Сразу оба занервничали и закурили – дядя папиросу, а Государь – через свой коленчатый пенково-янтарный мундштучок.

Сердце Государя сжалось тоскливым предчувствием: что Николай Михайлович сейчас ударит в ту же болевую точку, в которую уже нажала Мама. Да, так и случилось. И дядя даже сослался, что к этому разговору он вдохновлён и поддержан – Мама и двумя сестрами Государя. (И – сестрами? Они-то зачем?…) Он осмелился заговорить прямо о государыне и прямо о Распутине. По его мнению, они и были корнем зла. Корнем зла было то, что обществу стал известен прежде скрытый метод назначения министров, а именно – через Распутина. Чтобы стать русским министром – надо понравиться мужику Распутину.

Николай Михайлович так нервничал, что у него всё время гасла папироса. Он не успевал найти теряемые спички, как Государь приближался и услужливо подавал ему прикурить от зажигалки. По внешнему виду Государя не было заметно никакого движения чувства.

А чувство было – и очень сжато-больное, чувство уже наболевшего места. Даже отделяя все преувеличения, которые резко нагромождал Николай Михайлович, – нельзя было отделаться, что тут много правды, стеснительно-унизительно.

Но к чему был безукоризненно воспитан и привычен Государь, как к части своего царского ремесла, – это никогда не показывать своих чувств. И он сохранял обезоруживающую любезность.

Николай Михайлович использовал такие выражения как “систематические нашёптывания твоей любимой супруги”, “что исходит из её уст – есть результат ловкой подтасовки”, – но что изменилось бы к лучшему, если бы Государь стал ему возражать? – бесполезно при его предубеждённости и непонимании всех тонкостей человеческих отношений. А властно оборвать? – и вовсе не служит убеждению старшего родственника. Да Николай и стеснялся бы проявить власть.

Итак, Государь всё выслушивал, не возражая, и подавал зажигалку в нужные минуты.

– Ты всегда сказывал, что тебя все кругом обманывают. А почему ты думаешь, что тебя не обманывает супруга, которую в свою очередь обманывают окружающие? Твои самостоятельные первые порывы и решения всегда замечательно верны, – скорее дипломатически льстил, чем так и думал Николай Михайлович. – Но как только появляются другие влияния – ты начинаешь колебаться, и решения уже не те.
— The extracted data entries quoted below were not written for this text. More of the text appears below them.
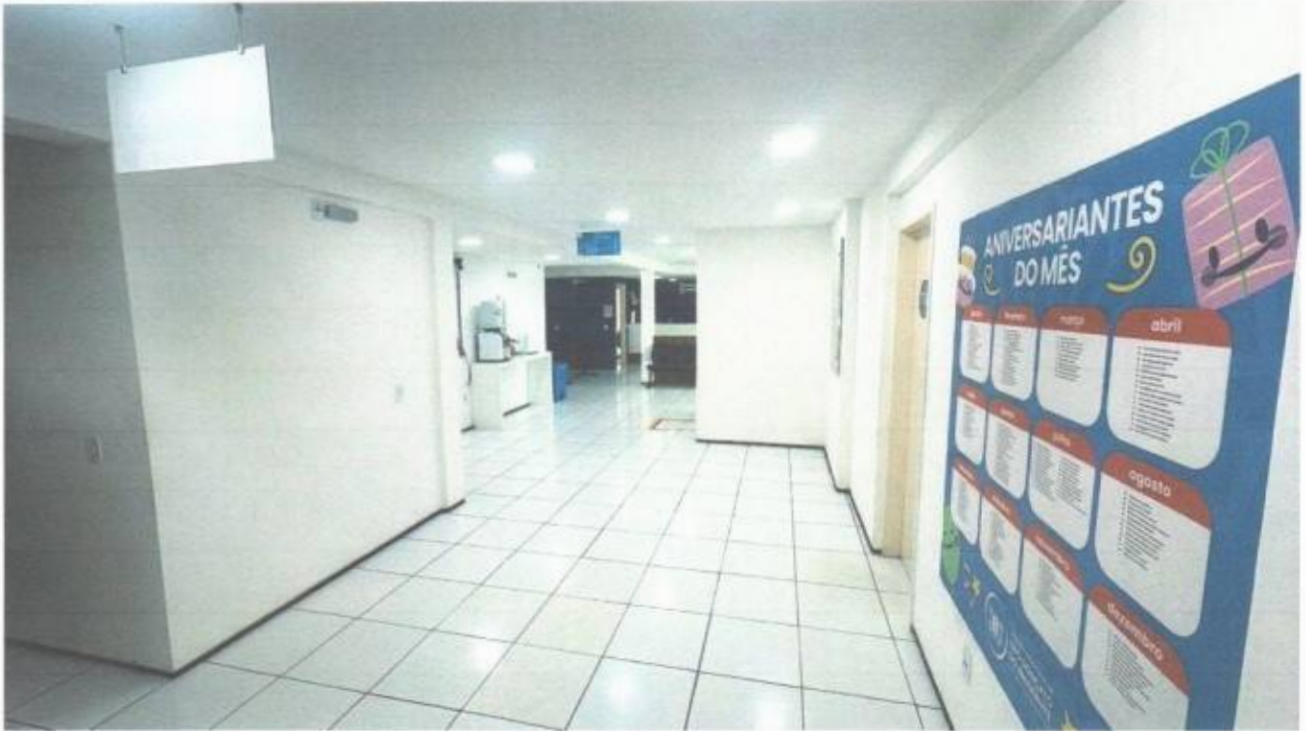
Vista da área de circulação no pavimento superior do prédio da Câmara Municipal de São Gonçalo do Amarante-CE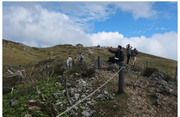
もう山頂が見えた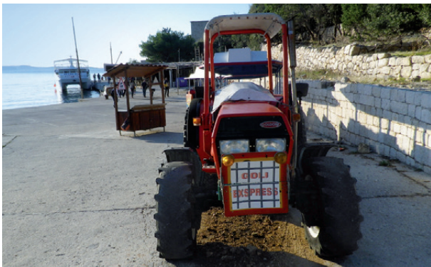
Пристаниште на Голом отоку 2018.

Позитивно је да се представници власти или барем њихове изасланици са венцима могу видети на годишњим комеморацијама на Голом отоку. Представници политичких институција Републике Хрватске посећују Голи оток најчешће 23. августа поводом Европског дана сећања на жртве свих тоталитарних и ауторитарних режима. Међутим, између слања изасланика са венцем и изградње музејско-едукацијске инфраструктуре са квалификованим особљем и програмима дуг је пут који захтева значајна улагања те спремност различитих политичких и друштвених актера да подрже тај процес.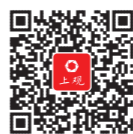
扫二维码 看面试“艺人”

高导再次强调资料一定要拍,“今天你就签合同,直接到棚里拍摄,拍完就有模特卡、相册、光盘、视频。至于费用,现场能付多少付多少,之后从报酬里扣。”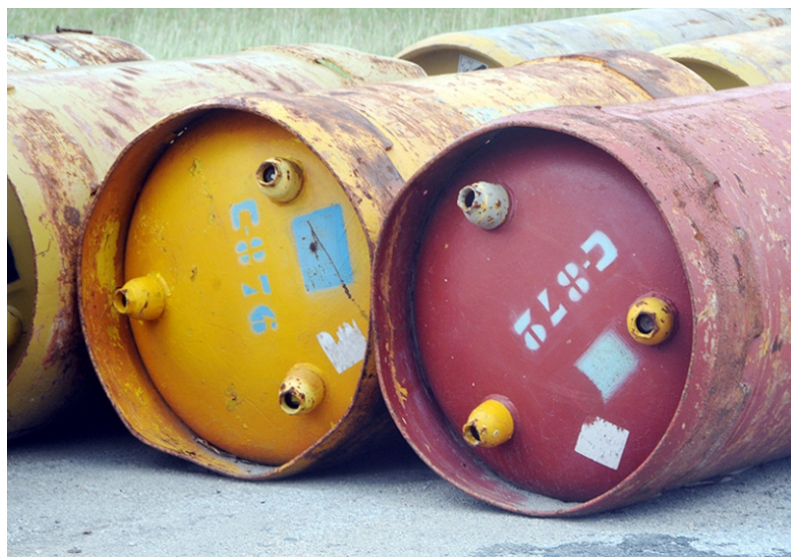
Los recursos para el tratamiento del agua están en la planta.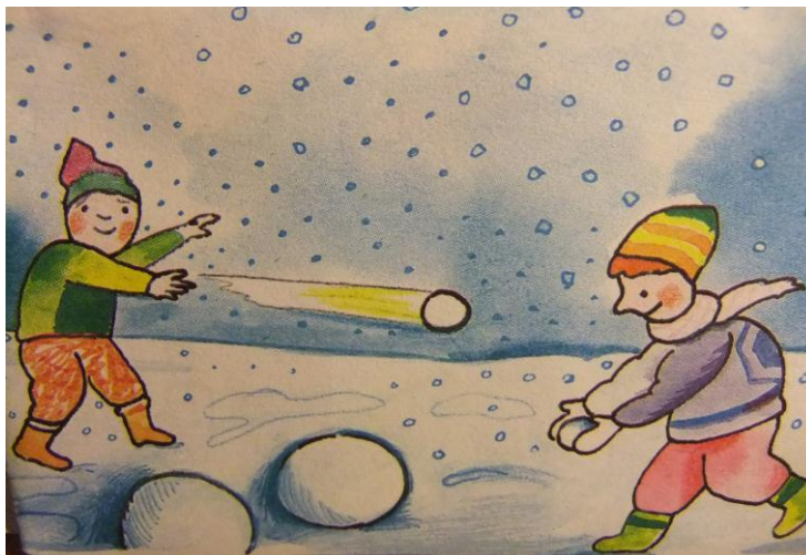
Obr. 5. Sněhové koule

Čím více sněh uplácáš, tím pomaleji taje. Schválně zkus dát na okno hromádku sněhu a vedle ní uplácanou sněhovou kouli. Až začne svítit sluníčko, uvidíš, co roztaje první.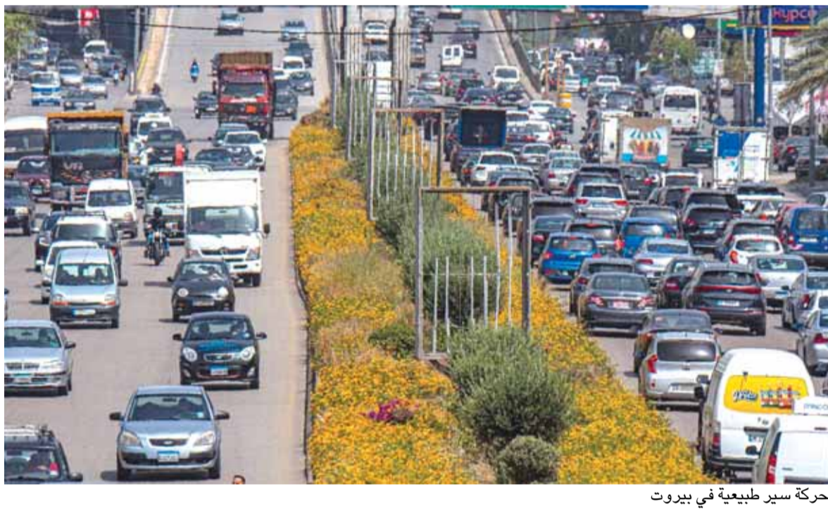
حركة سير طبيعية في بيروت

ماذا بعد مهلة المئة يوم للحكومة؟ التطورات والموقف التي سجلت في الساعات الماضية تؤشر الى ان الاسبوع المقبل سيشهد مرحلة جديدة من العمل لمواجهة تداعيات الازمات المتلاحقة التي عصفت وتعصف ببلدان بسبب انهيار الوضع الاقتصادي والمالي والتداعيات السلبية اللاحقة الناجمة عن كورونا. وغداة اعلان رئيس الحكومة حسان دياب انجازات حكومته منذ ولادتها وحتى اليوم برزت امس مواقف لرئيس مجلس النواب نبيه بري في كلمته بمناسبة عيدي المقاومة والتحرير والقطر، والتي تضمنت رسائل مهمة في كل الاتجاهات، ورسمت عناوين اساسية او خريطة طريق للمرحلة المقبلة. والى جانب ذلك، برزت وتبرز أيضاً معالم إعادة تصويب العلاقة بين الحكومة ومصرف لبنان على قاعدة التعاون وتوحيد الارقام والمواقف ليس في المفاوضات مع صندوق النقد الدولي فحسب بل ايضا لمواجهة ومعالجة الاوضاع والمخاطر المحدقة بالامن الغذائي للبنانيين وتدهور سعر صرف الليرة بطريقة دراماتيكية تذر بعواقب وخيمة على كل المستويات. وتقول المعلومات ان تدهور الاوضاع والتصدعات التي برزت في الاسبوع والايام الماضية جعلت الرئيس بري يوسع

Если бы тебе удалось устранить это вторгательство тёмных сил – сразу бы началось возрождение России.

Вот в этом Государю позволительно было усумниться. Тёмных, лротиворусских сил он больше видел на стороне Думы и Союзов.

Но вслух не возразил. Да он и не умел вести дискуссий. Он хорошо умел разговаривать только с теми, с кем был согласен. А с остальными немел.
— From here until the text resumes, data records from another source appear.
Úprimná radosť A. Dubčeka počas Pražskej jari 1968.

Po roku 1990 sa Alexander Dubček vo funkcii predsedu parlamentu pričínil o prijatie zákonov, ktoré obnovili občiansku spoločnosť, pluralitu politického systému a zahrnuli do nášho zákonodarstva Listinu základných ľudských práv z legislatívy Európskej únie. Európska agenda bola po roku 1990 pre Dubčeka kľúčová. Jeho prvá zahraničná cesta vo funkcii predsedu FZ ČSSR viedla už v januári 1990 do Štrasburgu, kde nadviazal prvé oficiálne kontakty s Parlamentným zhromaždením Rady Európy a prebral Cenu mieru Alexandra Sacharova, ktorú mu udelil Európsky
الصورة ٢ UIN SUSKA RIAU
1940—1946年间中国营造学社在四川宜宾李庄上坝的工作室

А под возрождением России Николай Михайлович оказывается и понимал: сделать министров ответственными перед Думой.

Не встречая возражений, он возвышал напорность тона. Странно выразился:

– Знай! Ты находишься накануне эры новых волнений! И, скажу больше: накануне эры новых покушений!

От кого-то он этого набрался? слышал? знал?

И, ещё более возбудясь:

– Здесь у тебя есть казаки, и много места в саду. Можешь приказать меня убить и закопать, никто не узнает. Но я должен был тебе это всё сказать.

Тирада была, видимо, у него приготовлена заранее – он её и произнёс торжественно. Но сам заметил, что в любезной обстановке она прозвучала неуместно. Ещё потянул несколько папиросу, вздохнул и, всё не слыша возражений, упрекнул:

– Знаешь, ты великий шармёр. Ты напоминаешь мне Александра Первого.

Долго, долго, упречливо выговорясь и так и не дождясь ничего существенного в ответ, Николай Михайлович оставил заранее написанное письмо – всё о том же, но хотел вручить его непременно лично.

И только когда уже простились и проводил – по-настоящему стало расходиться и болеть в Государе.

Письмо – ему было даже гадко раскрыть и прочесть.

В ежедневном своём письме надо было писать об этом визите Аликс – но невыносимо, хотелось избежать.

Пришла пора спать – а сна не было. Всегда он крепко спад, но тут обещалась полубессонная ночь: на самом деле всё взбудоражилось и забилось внутри.

Ведь – и Мама была заодно, даже полномочила его говорить. И сестра Ольга (а ничего не сказала, прося о своём разводе и браке). И сестра Ксенья с мужем Сандро, таким близким другом когда-то. И ещё можно было угадать, с кем в династии они выстраивались во враждебное полукольцо.

“Эра покушений”! И это говорит великий князь!…

Да, против Распутина приходило много обвинительных писем в Ставку – но анонимные, и это не укрепляло их авторов. В инсинуациях цеплялась и царская семья – но никто из благородных людей не может верить подобной клевете, она обернётся против своих распространителей. А когда-то Джунковский докладывал о ресторанной попойке Распутина – но если по этому принципу карать, то многие ли уцелеют среди знати?

Что ж, Распутин мог иметь пороки, как и всякий человек. Но он не претендовал ни на какой официальный пост, ни на какой доход (а все великие князья получали). Частное дело царской четы, она имеет право на личные привязанности, даже пусть слабости, и кому это мешает? почему все придают такое большое значение? Ни с чем не сравнимая, вулканическая ненависть к Григорию, воспылавшая в высшем свете и в образованном обществе, могла объясняться только их собственной злостью, силы этой ненависти нечем было объяснить иначе. Встречно – Государь не мог ни перед кем унизиться в оправданиях, как много этот человек значил для укрепления духа императрицы. Николай сам не слишком был уверен, насколько именно Григорий излечивал наследника, но Аликс верила страстно, и это поддерживало её. (Да вот не так давно: не велел Григорий брать наследника в поездку на Юго-Западный, а отец взял. На одной станции Алексей прислонился лицом к вагонному стеклу, а переводили стрелки – и от сотрясения началось кровотечение из носа. Пришлось возвращаться в Царское, и сразу же позвали Григория – а он ведь наказал, не приехал в тот вечер, только утром). Да ведь сама болезнь наследника никому не называлась, скрывалась тщательно – так что этой причины нельзя было и выставить.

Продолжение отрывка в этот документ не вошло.